PROBLEM >>
Find the line containing "タイのアヌティン・チャーンウ". Retype it and every later line of the records exactly, leaving out pictures.

RECORDS FOR THIS TASK >>
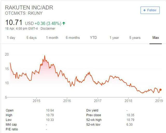 Rakuten Inc.的股价自2015年以来一直呈现3年下行趋势,并且仍然徘徊在3年低点。 按现在的10.71美元价格计算,乐天目前的估值为1.5倍,销售额和市盈率仅为12.3倍。相比之下,与之最接近的竞争对手亚马逊公司的估值为4倍,市盈率为历史收益的92倍。 乐天在信用卡业务上的另一个竞争对手是永旺金融服务有限公司(Aeon Financial Service Co Ltd),交易价格为1.4倍,市盈率为12.51。从长远来看,乐天拥有信用卡业务的坚实后盾和互联网业务的增长潜力,其估值水平与信用卡业务同行相当,且与互联网同行相比估值要求很低。五年期自由现金流年复合增长率高达25%。
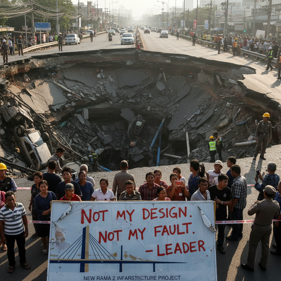 タイのアヌティン・チャーンウィーラプーン首相兼内務大臣は、2026年1月17日朝にバンコク方面行きのラーマ2世通りで発生した道路陥没事故について、設計や工法の問題ではなく、水道管の破裂と作業員の過失が原因であるとの見解を明らかにしました。
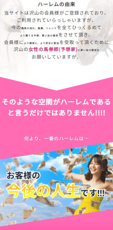 ハーレム競馬は、男性馬券師が多い中、女性の馬券師ばかりが在籍している競馬予想サイト。
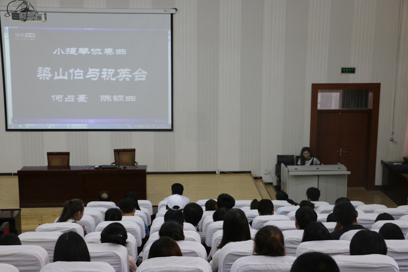 伴著優(yōu)美的音樂(lè)旋律王敏副教授開(kāi)始了講座,王老師首先介紹了音樂(lè)發(fā)展歷史和音樂(lè)鑒賞的基礎(chǔ)知識(shí),然后以我國(guó)著名作曲家陳鋼、何占豪先生創(chuàng)作的小提琴協(xié)奏曲《梁山伯與祝英臺(tái)》為題材,分階段講述了“鳥(niǎo)語(yǔ)花香”、“草橋結(jié)拜”、“英臺(tái)抗婚”、“投墳化蝶”等內(nèi)容和藝術(shù)場(chǎng)景。剖析了作品在管樂(lè)、和以小提琴、大提琴為主的弦樂(lè)及民樂(lè)有機(jī)結(jié)合的高超藝術(shù)境界,講座過(guò)程中王老師結(jié)合《梁祝》協(xié)奏曲音視頻資料,演繹了梁山伯與祝英臺(tái)凄美的愛(ài)情故事。
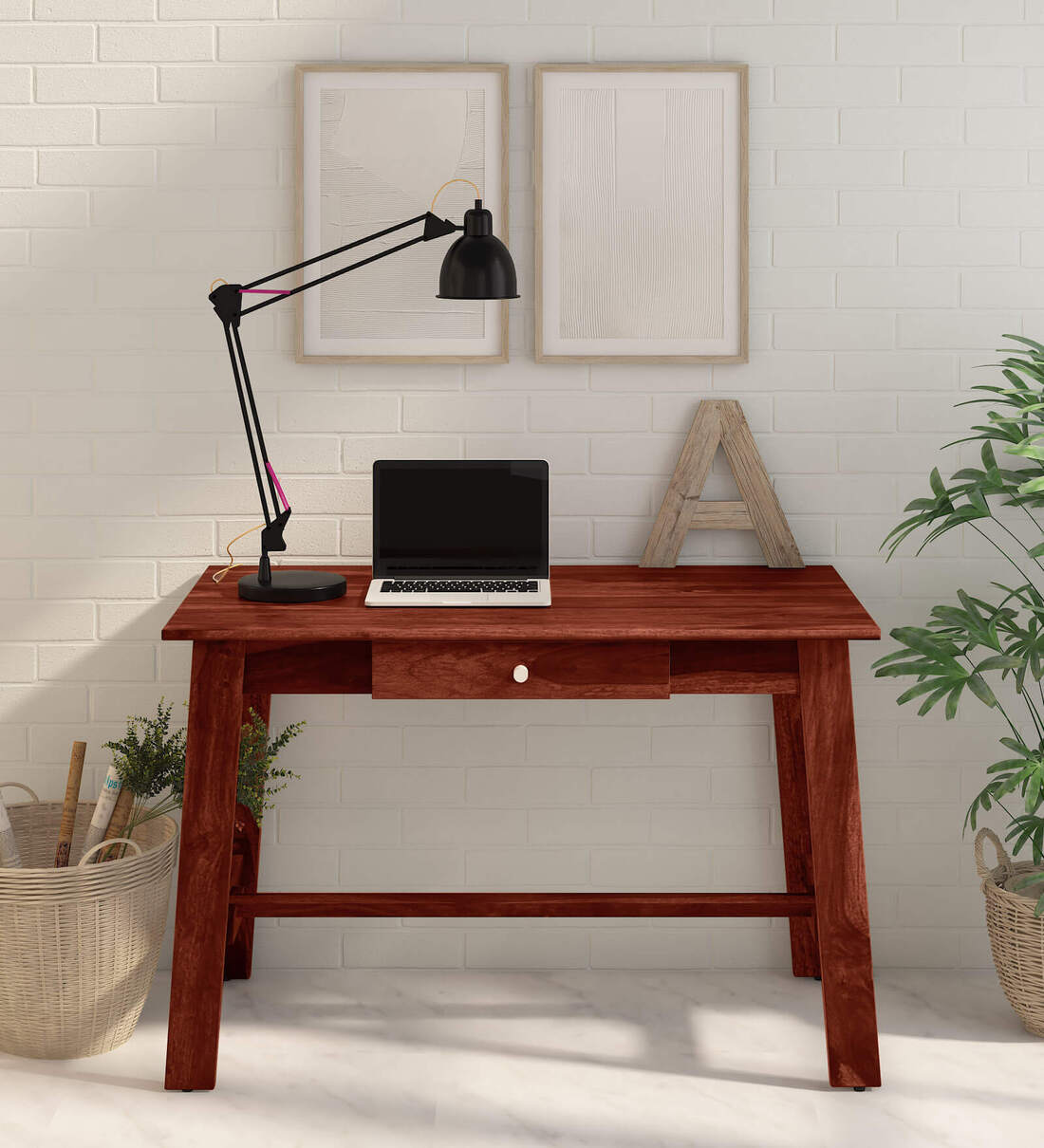Haarlem Sheesham Wood Writing Table In Scratch Resistant Honey Oak Finish

SOLUTION FOR THIS EXERCISE >>
 タイのアヌティン・チャーンウィーラプーン首相兼内務大臣は、2026年1月17日朝にバンコク方面行きのラーマ2世通りで発生した道路陥没事故について、設計や工法の問題ではなく、水道管の破裂と作業員の過失が原因であるとの見解を明らかにしました。
 ハーレム競馬は、男性馬券師が多い中、女性の馬券師ばかりが在籍している競馬予想サイト。
 伴著優(yōu)美的音樂(lè)旋律王敏副教授開(kāi)始了講座,王老師首先介紹了音樂(lè)發(fā)展歷史和音樂(lè)鑒賞的基礎(chǔ)知識(shí),然后以我國(guó)著名作曲家陳鋼、何占豪先生創(chuàng)作的小提琴協(xié)奏曲《梁山伯與祝英臺(tái)》為題材,分階段講述了“鳥(niǎo)語(yǔ)花香”、“草橋結(jié)拜”、“英臺(tái)抗婚”、“投墳化蝶”等內(nèi)容和藝術(shù)場(chǎng)景。剖析了作品在管樂(lè)、和以小提琴、大提琴為主的弦樂(lè)及民樂(lè)有機(jī)結(jié)合的高超藝術(shù)境界,講座過(guò)程中王老師結(jié)合《梁祝》協(xié)奏曲音視頻資料,演繹了梁山伯與祝英臺(tái)凄美的愛(ài)情故事。
Haarlem Sheesham Wood Writing Table In Scratch Resistant Honey Oak Finish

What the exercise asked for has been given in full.